Su mirada la recorrió de arriba abajo, y ella se estremeció por dentro. Seguramente debía de tener el aspecto de una desaliñada alfombra llena de polvo. Cuando sus ojos se volvieron a cruzar, la expresión de él no era menos explícita que la suya, pero ahora estaba atemperada por la preocupación.

– Por favor, perdóneme. Estaba tan sumergido en mi trabajo que no me he dado cuenta de lo incómoda que debe de encontrarse. Por mucho que aprecie su ayuda, no creo que estas sean las condiciones adecuadas para una dama. Con sumo placer la acompañaré a casa.

– Por supuesto que no. Aunque agradezco su preocupación, no soy una flor de invernadero que necesite mimos especiales. Insisto en seguir ayudándole con la búsqueda. Nos queda muy poco tiempo y yo tengo un interés personal en que logremos encontrar el pedazo de piedra desaparecido.

– Ese interés personal significa que si no encontramos ese pedazo de piedra no será capaz de casarme, preferiblemente con una de esas flores de invernadero que conocimos anoche.

– Yo prefiero llamarlas educadas jovencitas de estirpe…

– Estoy seguro de que así es.

– … y sí, el plan es casarlo a usted. Ambos nos arriesgamos a perder una gran oportunidad si no consigue romper el maleficio.

Algo que ella no fue capaz de describir centelleó en los ojos de Philip.

– Me alegro de que nos entendamos.

– Si me disculpan, miss Merrie, lord Greybourne -les interrumpió Albert, haciendo que Meredith tuviera deseos de besarle para agradecerle esa interrupción-. Acabo de comprobar el último objeto de esta caja y aquí no falta nada.

No hubo duda del alivio que sintió Philip, un sentimiento que también Meredith compartió con él.

– Me alegra mucho esa noticia -dijo Philip.

– Puede que esta noticia no te alegre tanto. -Les llegó la voz desalentadora del conde-. Yo acabo de terminar con nuestra caja, Philip, y hay un objeto listado que no aparece. Según tus anotaciones, debería haber en esta caja un «barco de yeso».

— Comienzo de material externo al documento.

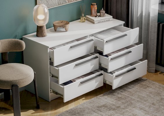 Комод Берген с выдвижными ящиками — отличный вариант для небольшой комнаты или прихожей.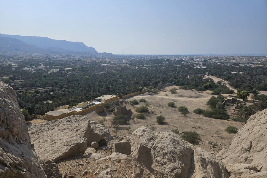 From the top you are able to spot some of the other elements. The palm gardens with the falaj are set around the fort hill, but seems to be in commercial use and walled off. The lagoon is part of the modern city of Dhaya and we did not bother to go there. And of course, Dhayah also mentions old graves. Like Hatta, Faya, Mleiha and Shimal. You get the gist. According to the UNESCO website, four of these graves are planned to be made accessible by creating an Archaeological Park, I didn’t find anything about its existence so far. UAE seems to push this site for the near future, so it might become more interesting. The current visitor experience is not impressive.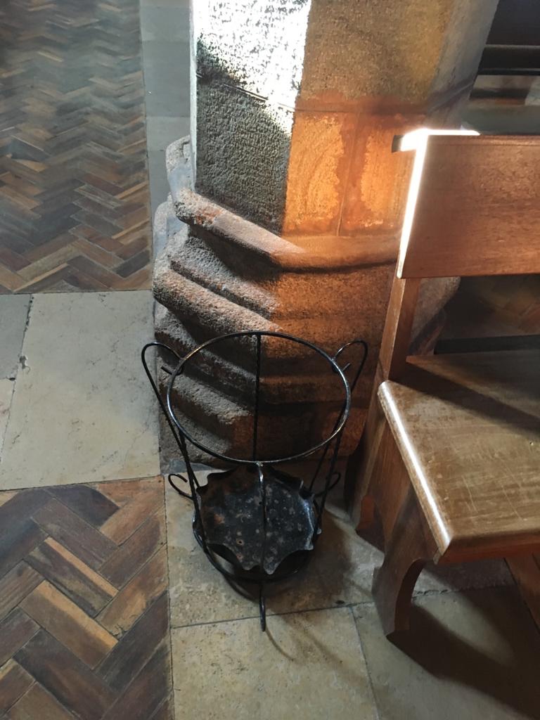 Pistäydyimme jopa yhdessä kirkossa sisällä. Koska Monchique on korkealla, siellä sataa paljon enemmän kuin meillä, joten silmään pisti kirkon penkkien päissä siellä täällä sijaitsevat sateenvarjotelineet.

Philip dejó con cuidado en el suelo la estatua de mármol que sostenía entre las manos y luego miró hacia donde señalaba su padre. Una extraña expresión le cruzó la cara y al momento palideció visiblemente.

– Demonios, debería haberme dado cuenta… Debería haber establecido la conexión.

– ¿Darse cuenta de qué? -preguntó Meredith sin poder evitar dejar entrever la alarma en su tono de voz.

– Recuerdo haber visto esa entrada cuando examiné los libros, pero cuando leí «barco» no le di ninguna importancia especial, ya que vi que decía «barco», no «bote». No me sorprendió, porque como habrá visto en esa caja predominan los objetos náuticos. Y supuse que se trataba de un barco esculpido en yeso. Pero no tuve en cuenta que barco también puede significar algún tipo de «caja». Y sin duda debería haber deducido la conexión con el aljez.

– ¿Qué es lo que quieres decir? -preguntó el duque-. ¿Qué es eso del aljez?

– Es un mineral común, una especie de yeso que se ha utilizado durante siglos para esculpir en jarros, cajas y cosas por el estilo. También se le llama alabastro… que era el material con el que estaba esculpida la caja que contenía la «Piedra de lágrimas». -Dejó escapar un profundo suspiro-. Parece ser que en esa caja había un «bote de alabastro». Y ahora ha desaparecido.